Sex offenders are now at the fore front of interchange between mental health or stability and the law. Arrests of sexual offenders are usually high profile thereby attracting the attention of the pubic and therefore, demand quick action by the law enforcers. While the controversial question of whether there should be application of justice or application of punishment for the offender who committed the felony still stands, application of justice for the individual should in no means be set aside. Legislators, mental health specialists and the community are responsible for development of evidence based treatments to reduce the likelihood of the felon committing the same crime again (Kostas, Katsavdakis, 2011). Absence of an informed risk assessment practice identifying the risks that an offender poses to a community and find a diagnosis and treatment that minimizes the risk of the offender to the society (Nieto, 2005).

Myth and folklore have it that all the people committing sexual felonies are the same. This can be described as aptly wrong as not all people committing sex offences are the same. There are viable and reliable risk assessment techniques that assess what treatments are most effective or successful in risk reduction. Techniques that when implemented in the right way would ensure that the offender upon release does not end up committing the crime or does not end up committing another crime of a similar or varied nature from the crime that he was convicted for Henry (Henry, 2005).

Since the offender too is human there are several requirements that protect his civic and constitutional rights. This includes an annual examination of the individual's mental condition, an annually written notice from the department of mental health to a sexual felon of his right to petition the court for a conditional release. In addition the assailant is offered a show cause hearing; a hearing addressing the issue as to why the assailant should be held. The offender may also, request for a trial after a period of two years for determination if he should be held for further treatment or supervision.

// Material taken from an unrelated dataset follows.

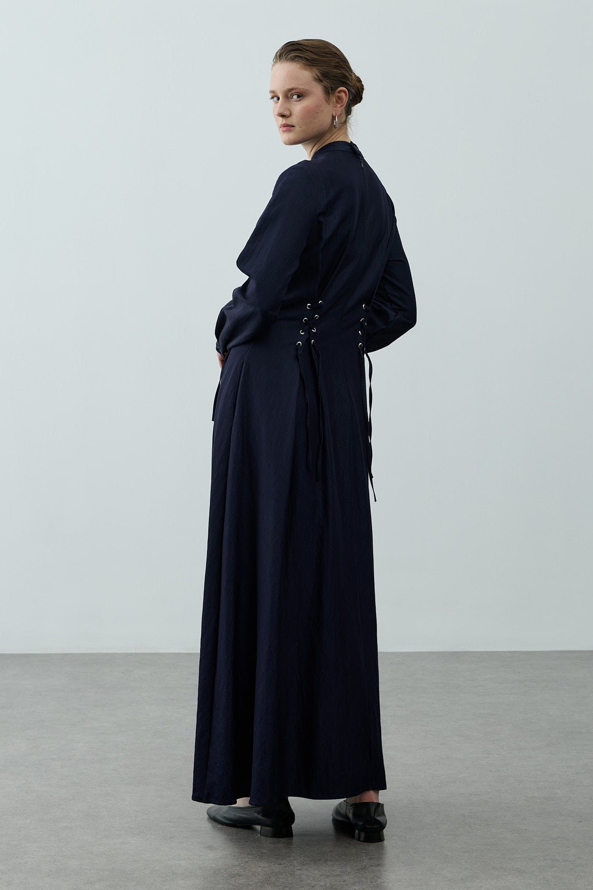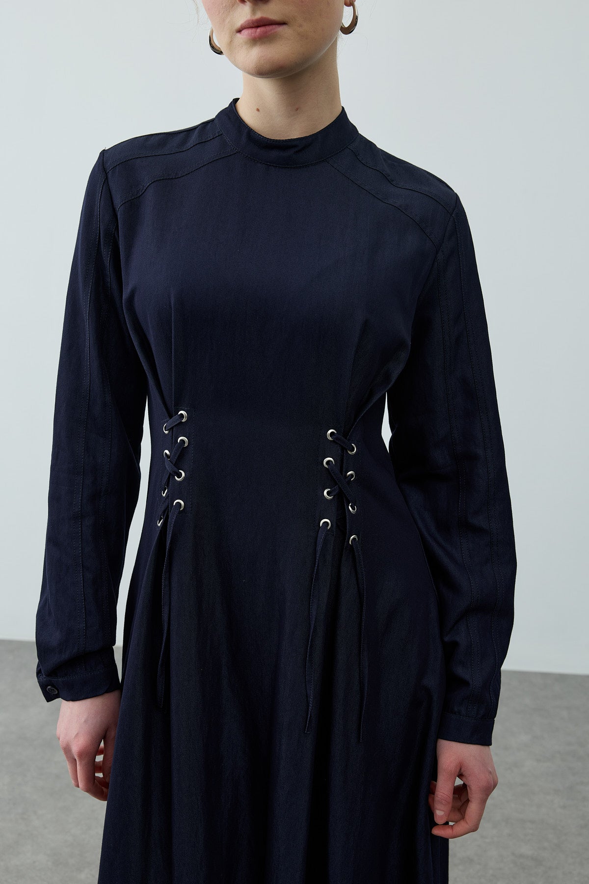 Beli Kuşgözlü Bağlamalı Elbise Lacivert

It can therefore be concluded that release of this perpetrators only serves to increase the crime rates in society. With recidivism levels as high, the penal institutes should fairly understand the risks of receipt of these individuals back to society. Their receipt would simply mean an overall increase in crime rates and individually the complexity in which these crimes are committed, therefore, making the law inadequate in reaching the assailants (Henry, Kären, 2005).

The best way would be to create steeper laws which would discourage future perpetrators and which would be content to hold assailants to society in penal institutions. Assailants committing crimes like rape should be castrated to ensure that even if they were to be released to society, they would not have the urge to perform of repeat the crime again and would be deemed as safe to the general public at large. Castration should be among the major control methods that the government considers for such perpetrators. Life sentences too should be accumulated to serve as a scare to perpetrators along with execution for repeat perpetrators (Publications, 2001).